Component Responsibility Key Decisions
Config Parser load experiment definitions strict schema checks
CV Runner execute consistent folds shared fold indices
Ranker score configs mean + variance strategy
Reporter write artifacts CSV + markdown summary

4.3 Data Structures (No Full Code)

experiment_config: {id, features, model, params}
result_row: {id, metric_mean, metric_std, runtime, notes}

4.4 Algorithm Overview

  1. Parse and validate configs.
  2. Build consistent folds.
  3. Execute each config.
  4. Aggregate metrics.
  5. Rank and export recommendations.

5. Implementation Guide

5.1 Development Environment Setup

# install dependencies and create config/report directories

5.2 Project Structure

feature-lab/
|-- configs/
|-- reports/
|-- artifacts/
`-- src/

5.3 The Core Question You’re Answering

Which feature decisions consistently improve generalization under fair comparison?

5.4 Concepts You Must Understand First

  • CV protocol control
  • Feature transformation semantics
  • ranking under uncertainty

5.5 Questions to Guide Your Design

  • Which features are hypothesis-backed?
  • What metric threshold defines meaningful lift?
  • How much variance is acceptable?

5.6 Thinking Exercise

Create a feature hypothesis sheet with expected direction and risk.

5.7 The Interview Questions They’ll Ask

  1. How do you avoid overfitting during feature engineering?
  2. Why can cross-validation still mislead?
  3. What does stable lift look like?

5.8 Hints in Layers

  • lock protocol before experiments
  • log failures per config
  • rank with variance penalties

5.9 Books That Will Help

Topic Book Chapter
Feature engineering patterns Hands-On Machine Learning Ch. 2
Model assessment ISL Ch. 5

5.10 Implementation Phases

  • Phase 1: config + runner skeleton.
  • Phase 2: metrics aggregation and ranking.
  • Phase 3: recommendation report and test holdout validation.

5.11 Key Implementation Decisions

Decision Options Recommendation Rationale
Ranking rule mean only, mean+std mean+std stability-aware
Config format ad hoc, structured file structured file reproducibility

6. Testing Strategy

6.1 Test Categories

Category Purpose Examples
Unit config parsing missing fields
Integration full matrix run ranking output
Edge partial failures skip + continue behavior

6.2 Critical Test Cases

  1. Fixed matrix produces stable ranking order.
  2. Broken config fails with explicit error.
  3. One failing estimator does not abort full run.

6.3 Test Data

  • fixed churn fixture
  • bad-config fixture

7. Common Pitfalls & Debugging

7.1 Frequent Mistakes

Pitfall Symptom Solution
Protocol drift unfair comparisons reuse same folds
Undocumented features irreproducible gains enforce config schema
Mean-only ranking unstable winner include variance penalty

7.2 Debugging Strategies

  • print config IDs in every metric line.
  • verify fold reuse across configs.

7.3 Performance Traps

Running large search spaces before pruning low-value candidates.

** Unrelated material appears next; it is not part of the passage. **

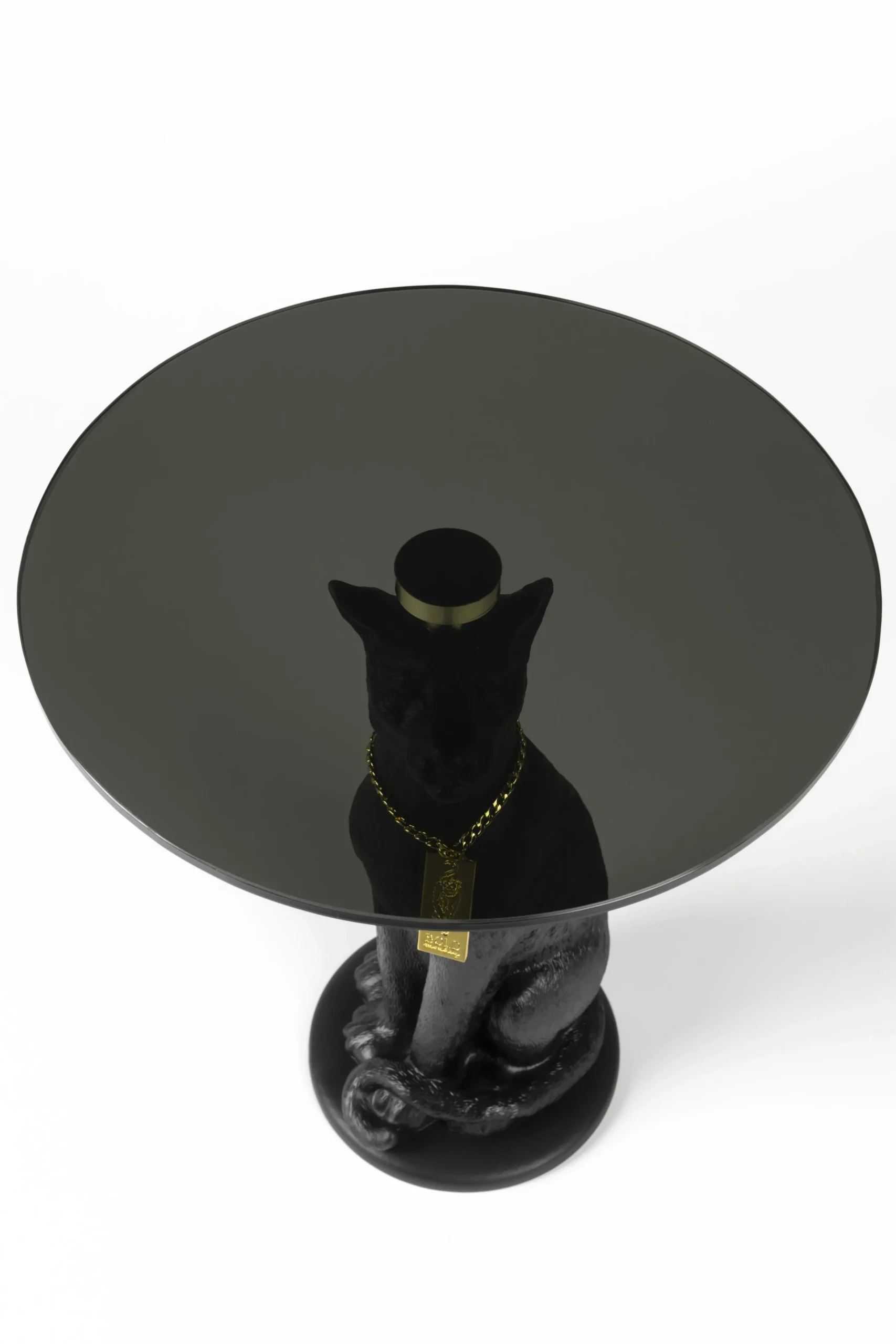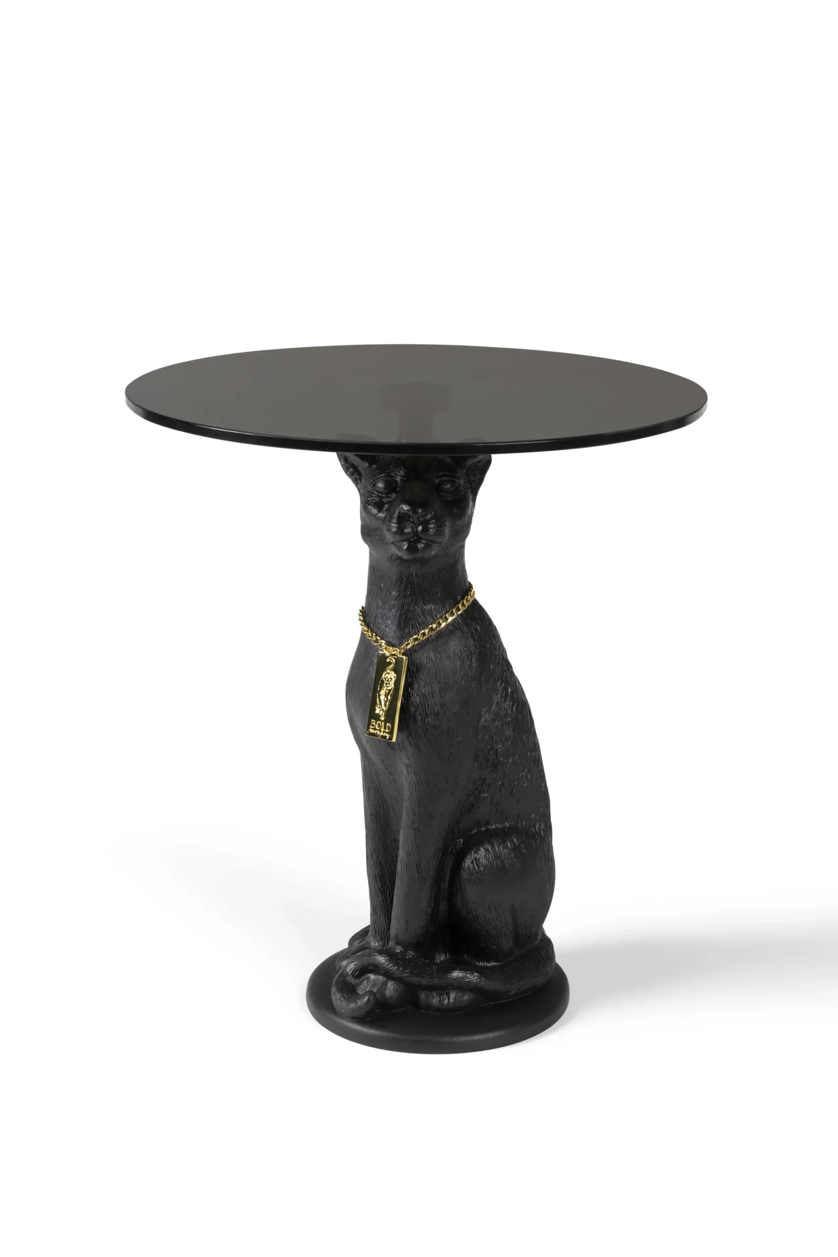 Die Panther sind auf dem Vormarsch, und dieses gewagte Stück bietet Ihnen eine weitere Möglichkeit, auf den Zug der Katzenfans aufzuspringen. Mit einer goldenen Kette versehen, vereinen sich schwarz lackiertes Harz und goldfarbene Galvanisierung in perfekter Harmonie – ganz gleich, welchen Stil Sie bevorzugen. Der Proudly Crowned Panther Beistelltisch verleiht einem bereits eklektisch eingerichteten Raum einen Hauch von Spaß oder wird zu einem einzigartigen Blickpunkt in einer ansonsten minimalistisch eingerichteten Wohnung. Dieser glamouröse Couchtisch ist ein kultiges Sammlerstück für jeden Designliebhaber und der Inbegriff des Bold Monkey Stils: extravagantes Design zu einem erschwinglichen Preis.

8. Extensions & Challenges

8.1 Beginner Extensions

  • Add simple HTML leaderboard export.

8.2 Intermediate Extensions

  • Add nested CV mode for stricter tuning.

8.3 Advanced Extensions

  • Add experiment tracking backend integration.

9. Real-World Connections

9.1 Industry Applications

  • Growth model optimization
  • Risk model iteration programs
  • Optuna (for search workflows)
  • MLflow (for tracking)

9.3 Interview Relevance

Demonstrates experiment rigor and practical model selection discipline.


10. Resources

10.1 Essential Reading

  • scikit-learn cross-validation docs
  • Hands-On ML Ch. 2

10.2 Video Resources

  • practical model selection talks

10.3 Tools & Documentation

  • https://scikit-learn.org/stable/modules/cross_validation.html

11. Self-Assessment Checklist

11.1 Understanding

  • I can explain why my top config beat baseline.

11.2 Implementation

  • Ranking is reproducible with fixed seed and folds.

11.3 Growth

  • I documented one rejected config and why.

12. Submission / Completion Criteria

Minimum Viable Completion:

  • Complete matrix run + ranking export.

Full Completion:

  • Includes variance-aware recommendation and holdout check.

Excellence (Going Above & Beyond):

  • Includes structured experiment logs and clear governance notes.